Search Service Architecture: Standalone Flask Application with Valkey

This article explains how our search service runs as a standalone Flask application on a separate server, using Valkey (Redis fork) for high-performance vector search, caching, and autocomplete.

The Problem: Search Performance and Scalability

Search operations are computationally expensive:

Filter extraction: Match 2,500+ phrases against every query
Related searches: Compute similarity across 65K queries
Autocomplete: Prefix matching on 65K queries
Product filtering: Filter 5K+ products by multiple criteria

Running these operations on the main web server causes:

Slow page loads: Search blocks other requests
Memory pressure: Embeddings account for a massive memory footprint
CPU contention: Similarity computation is CPU-intensive
Scaling difficulty: Can't scale search independently

We need a dedicated search service that can scale independently.

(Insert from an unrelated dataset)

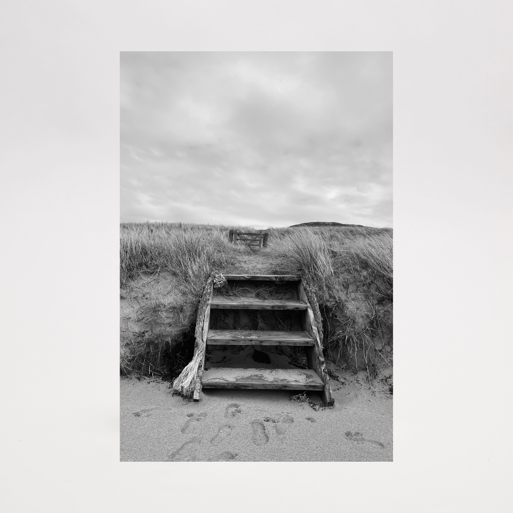 A beautiful black and white photograph captures the relaxing atmosphere of the scene, with wooden steps leading up through the long grasses that sway gently in the breeze. An original image, printed on Fujifilm photographic paper.

The Solution: Standalone Search Service

We run a separate Flask application on a dedicated server:

Main Web Server
    ↓ HTTP API calls
Search Service
    ↓ Valkey queries
Valkey Server

This architecture provides:

Independent scaling: Scale search service without affecting main web server
Resource isolation: Search operations don't impact main web server
Caching: Valkey caches results for fast repeated queries
High availability: Search service can restart without affecting main web server

Search Service Components

1. Filter Extraction API

Endpoint: /api/extract_filters
Purpose: Extract structured filters from natural language queries
Example:

GET /api/extract_filters?q=mini+pc+16gb+ram

Response:
{
  "Form Factor": "Mini PC",
  "Main Memory": "16"
}

Implementation:

Load phrase-to-filter mappings from Valkey or JSON
Match phrases using word boundary regex
Return structured filters

Caching: Phrase mappings cached in Valkey (30-day TTL)

2. Related Searches API

Endpoint: /api/related
Purpose: Find semantically similar queries using vector search
Example:

POST /api/related
{
  "query": "mini pc",
  "limit": 10
}

Response:
{
  "related": [
    {"query": "small computer", "similarity": 0.92},
    {"query": "compact desktop", "similarity": 0.89},
    {"query": "mini pc 8gb", "similarity": 0.87}
  ]
}

Implementation:

Embed query using all-mpnet-base-v2
Query Valkey RediSearch for nearest neighbors
Return top N results sorted by similarity

Caching: Results cached in Valkey (7-day TTL)

3. Autocomplete API

Endpoint: /api/autocomplete
Purpose: Suggest queries as user types
Example:

GET /api/autocomplete?q=mini+p&limit=5

Response:
{
  "suggestions": [
    "mini pc",
    "mini pc 16gb",
    "mini pc 8gb ram",
    "mini pc fanless",
    "mini pc windows 11"
  ]
}

Implementation:

Query Valkey RediSearch with prefix matching
Rank by popularity (impression + click score)
Return top N suggestions

Caching: Autocomplete index in Valkey (updated daily)

4. Popular Queries API

Endpoint: /api/popular
Purpose: Get most popular queries
Example:

GET /api/popular?limit=10

Response:
{
  "queries": [
    "mini pc",
    "thin client",
    "industrial pc",
    "all in one pc"
  ]
}

Implementation:

Load queries from Valkey or JSON
Sort by traffic score (impressions + clicks)
Return top N queries

Caching: Popular queries cached in Valkey (30-day TTL)

Valkey Integration

Valkey is a Redis fork that provides:

Vector search: RediSearch module for similarity search
Caching: Fast in-memory key-value store
Autocomplete: Prefix matching with sorted sets
Persistence: AOF (Append-Only File) for durability

Vector Search with RediSearch

We use Valkey's RediSearch module for vector similarity search:

Index Creation:

client.ft("queries_idx").create_index([
    VectorField("embedding", "FLAT", {
        "TYPE": "FLOAT32",
        "DIM": 768,
        "DISTANCE_METRIC": "COSINE"
    }),
    TextField("query"),
    NumericField("score")
])

Vector Search:

query_embedding = model.encode(query)
results = client.ft("queries_idx").search(
    Query("*=>[KNN 10 @embedding $vec AS score]")
    .sort_by("score")
    .return_fields("query", "score")
    .dialect(2),
    query_params={"vec": query_embedding.tobytes()}
)

This returns the 10 nearest neighbors by cosine similarity.

Caching Strategy

We cache multiple data types in Valkey:

Phrase Mappings (30-day TTL):

client.setex(
    "seo:phrase_mappings",
    30 * 24 * 3600,
    json.dumps(phrase_mappings)
)

Related Searches (7-day TTL):

cache_key = f"related:{query_hash}"
client.setex(cache_key, 7 * 24 * 3600, json.dumps(results))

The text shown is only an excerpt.